In one embodiment, determining the time unit of the DRX timer may comprise: in response to determining that the DRX timer does not need to be aligned with respect to the different scheduling units, obtaining information about numerologies used by different carriers; and determining time units of the DRX timer for the different carriers based on the numerologics.

In one embodiment, determining the time unit of the DRX timer may comprise: in response to determining that the DRX timer does not need to be aligned with respect to the different scheduling units, obtaining information about scheduling units used by different Hybrid Automatic Repeat request (HARQ) processes; and determining time units of the DRX timer for the different HARQ processes based on the information about scheduling units.

In one embodiment, determining the time unit of the DRX timer may comprise: in response to determining that the DRX timer does not need to be aligned with respect to the different scheduling units, obtaining information about scheduling units used by different HARQ transmissions in a HARQ process; and determining time units of the DRX timer for the different HARQ transmissions based on the information about scheduling units.

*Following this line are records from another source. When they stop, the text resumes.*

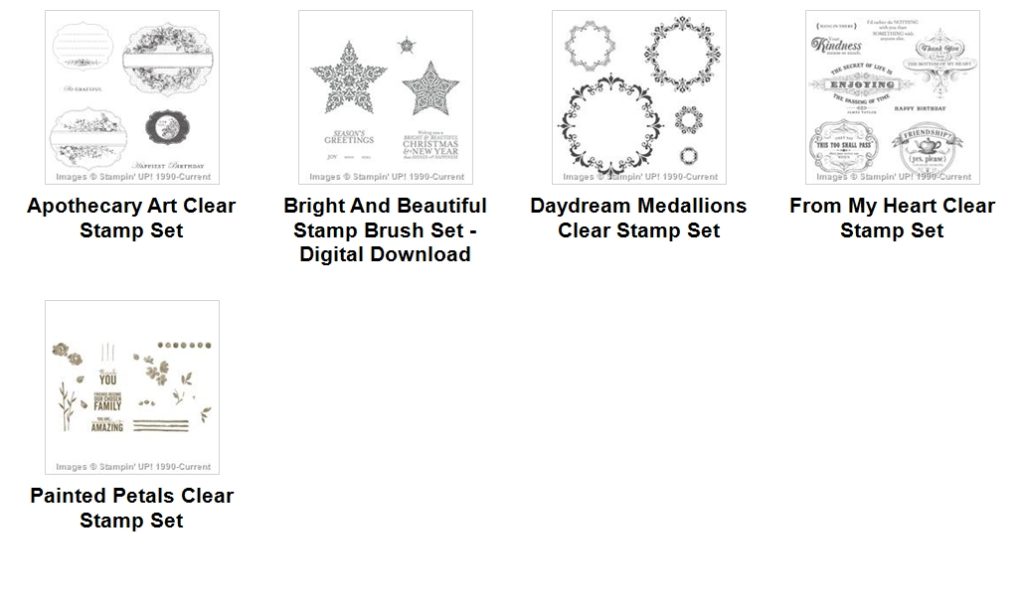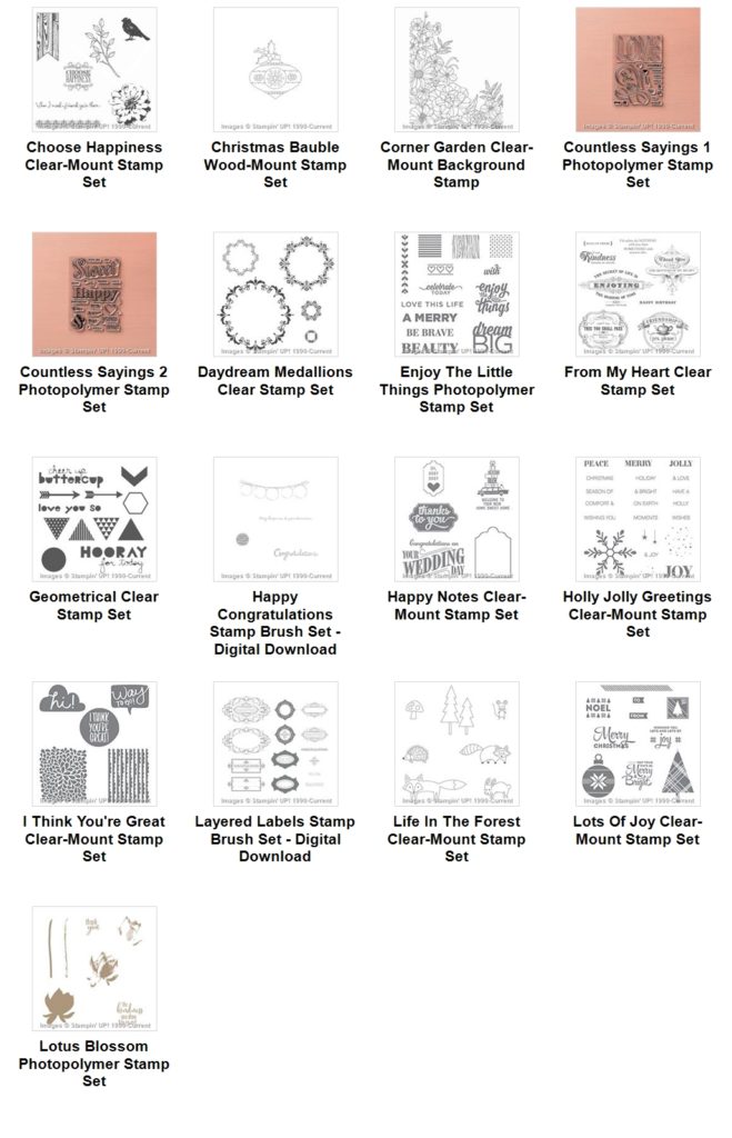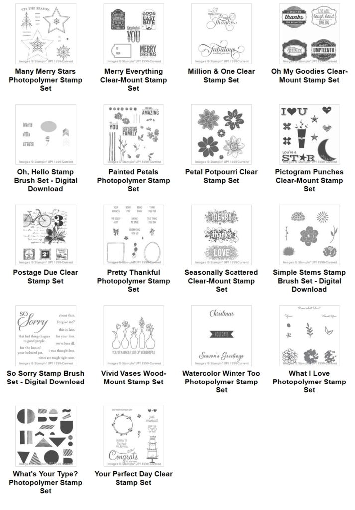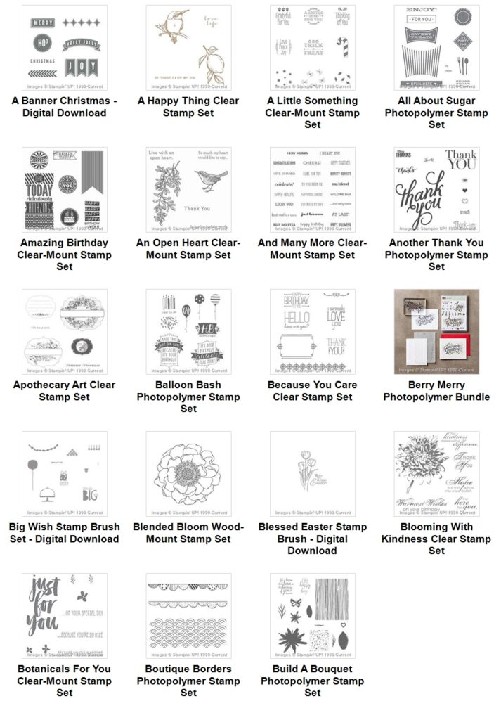 A few aren’t pictured, feel free to email me about those, but 98% of what I have left are pictured below. Pictures weren’t available for Best of Flowers, Gently Falling, Hooray It’s Your Day, Perfect Punches, Petite Sayings, Postage Collection, Winter Post, Wondrous Wishes, You’re Lovely.
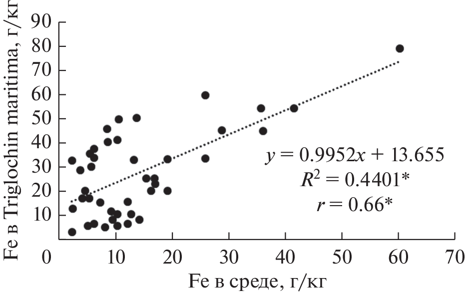 The accumulation of iron in halophytic species Triglochin maritima L., Plantago maritima L., Aster tripolium L. and Zostera marina L. was studied in this research. Littoral soils are not contaminated with iron (6–16 g/kg). Seawater, on contrary, contains high concentrations of iron (0.04–0.32 mg/l). Halophytes accumulate iron to supervalues (6.49–71.63 г/кг), 93% of metal is found in rhyzomes. The reasons for this phenomenon are discussed. Halophytes of the White Sea littoral zone are involved in the biogeochemical iron cycle as the main fixation sites of iron in the system “coast–sea”. They have phytoremediation potential on the coastal territories.
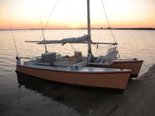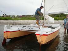 Slider seems to be a completely new kind of beach cruiser. So far as I know, Slider is one-of-a-kind. There are other 16 ft. cruising cats, but none of them are open boats with in-hull seating.
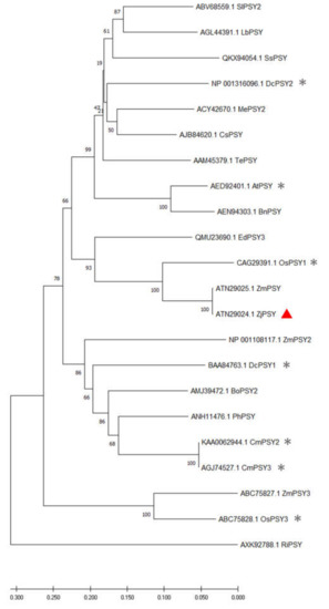 Phylogenetic tree of PSY. Phylogenetic tree analysis among 22 PSY proteins. Protein sequence accession numbers are as follows: SlPSY2 (ABV68559.1), Solanum lycopersicum; IbPSY (AGL44391.1) [19], Ipomoea batatas; SsPSY (QKX94054.1), Salvia splendens; MePSY2 (ACY42670.1), Manihot esculenta; CsPSY (AJB84620.1) [20], Camellia sinensis; DcPSY2 (NP_001316096.1) [21], Daucus carota; TePSY (AAM45379.1), Tagetes erecta; AtPSY (AED92401.1) [22], Arabidopsis thaliana; BnPSY (AEN94303.1), Brassica napus; EdPSY3 (QMU23690.1), Eleocharis dulcis; OsPYS1 (CAG29391.1) [23], Oryza sativa; ZmPSY (ATN29025.1), Zoysia matrella; ZjPSY (ATN29024.1), Zoysia japonica; ZmPSY2 (NP_001108117.1), Zea mays; DcPSY1 (BAA84763.1) [21], Daucus carota; CmPSY2 (KAA0062944.1) [24], Cucumis melo; CmPSY3 (AGJ74527.1) [24], Cucumis melo; BoPSY2 (AMJ39472.1), Bixa orellana; PhPSY (ANH11476.1), Prunus humilis; RiPSY (AXK92788.1), Rubus idaeus; ZmPSY3 (ABC75827.1), Zea mays; OsPSY3 (ABC75828.1) [25], Oryza sativa. ▲ Mark represented the ZjPSY. * Represents the PSY protein was analyzed.

In a second aspect, an apparatus implemented at a wireless device is provided. The apparatus includes a determining unit and a calculating unit. The determining unit is configured to determine a relationship between a DRX timer and different scheduling units, and determine a time unit of the DRX timer based on the determined relationship. The calculating unit is configured to calculate a time interval indicated by the DRX timer based on the time unit.

In a third aspect, a wireless device is provided. The wireless device includes: a processor and a memory. The memory contains instructions executable by the processor, whereby the processor being adapted to cause the wireless device to perform the method according to the first aspect of the present disclosure.

According to embodiments of the present disclosure, the wireless device determines a time unit of the DRX timer according to its relationship with respect to different scheduling units. As such, there would be a common understanding between a network device and a terminal device of the time duration indicated by the DRX timer when the UE supports multiple numerologies/TTI lengths. Communication between the network device and the terminal device can be performed based on the common understanding of the DRX timer. In this way, transmission efficiency and network performance can be effectively improved.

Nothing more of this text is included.